Steve Addison reports on my recent return to Port Moresby (Papua New Guinea) where in the 1970’s we were involved in planting a bunch of churches. But, it started earlier!
Towards the end of my first year in ministry (1971), my State leader (Pastor Clive Barrett) suggested I start a new church in Condoblin (central NSW, Australia). The term ‘church planting’ had not been thought of at that time! Members from churches I was leading in Parkes and Forbes drove to Condoblin and conducted a Children’s Holiday Club; friends flew out from Newcastle in light aircraft to visit door-to-door; I visited hundreds of homes, offered Bibles, a reading plan and conducted hundreds of home Bible studies. Every Saturday night for three months I preached public evangelistic meetings – with the theme music: Hear the Voice of Youth Cry: What is Truth? (Well it was the ‘70’s!) Out of this started a small rural church in the local CWA Hall – that continued for some years! My first plant!
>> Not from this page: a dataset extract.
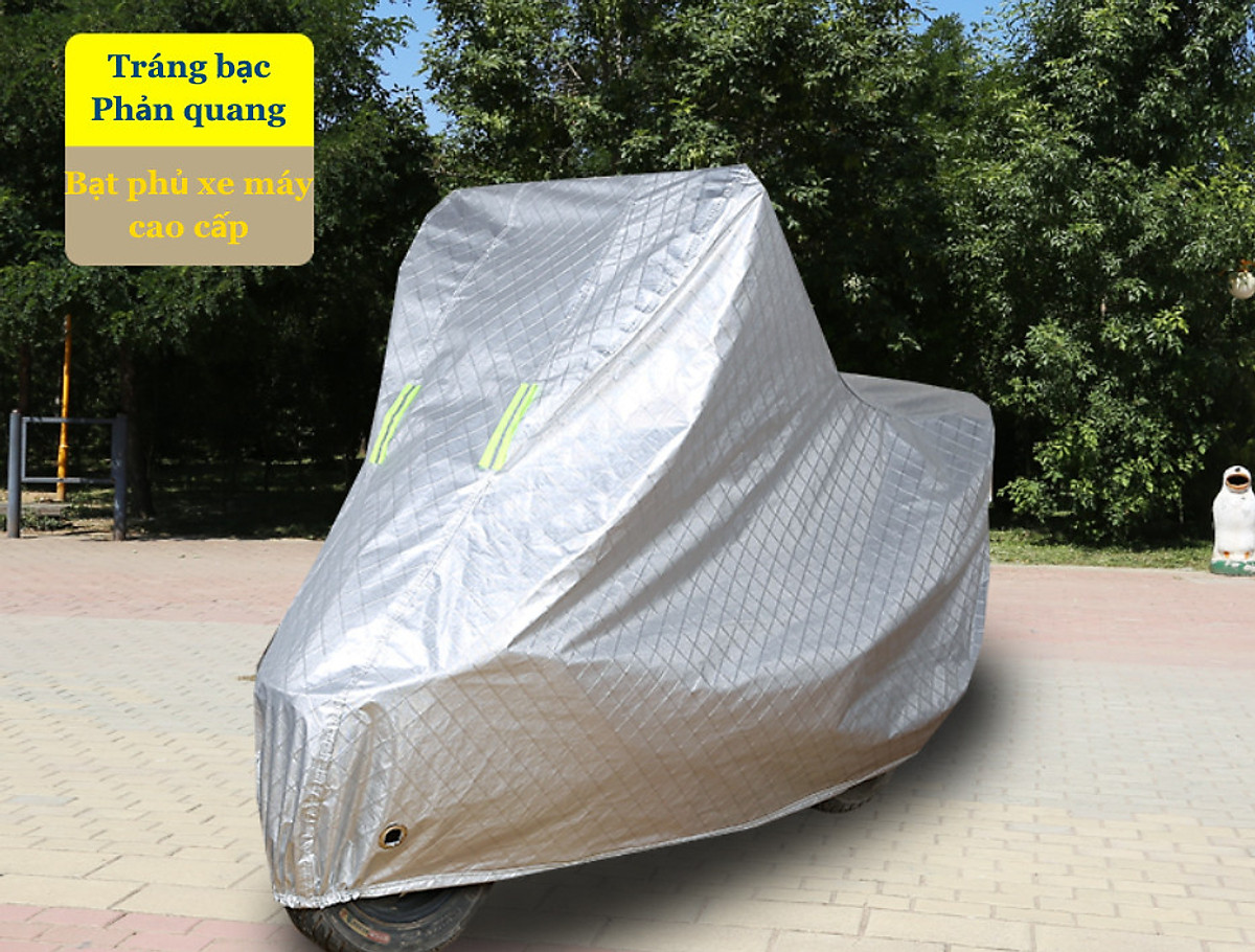 BẠT PHỦ XE MÁY PHẢN QUANG TRÁNG NHÔM CÁCH NHIỆT CAO CẤP, BẠT PHỦ XE MÁY BỐN MÙA - HÀNG CHÍNH HÃNG Bạt phủ bạc trùm che chắn nắng xe máy vải cao cấp phản

My commitment to planting churches possibly really started when I was a boy. Dad and Mum, with other farming friends who were believers, seemed to regularly start and conduct holiday clubs and simple worship services in isolated school classrooms or rustic country halls in the forests of south-west Western Australia. Sometimes, it would be a memorial service or an anniversary service for a farming identity – killed in a tragic accident, or struck down by disease. They were simple ways of bringing the scattered, struggling farmers on ‘war-service blocks’ together – for food, fellowship and worship! That’s possibly where the church planting DNA was planted in my life!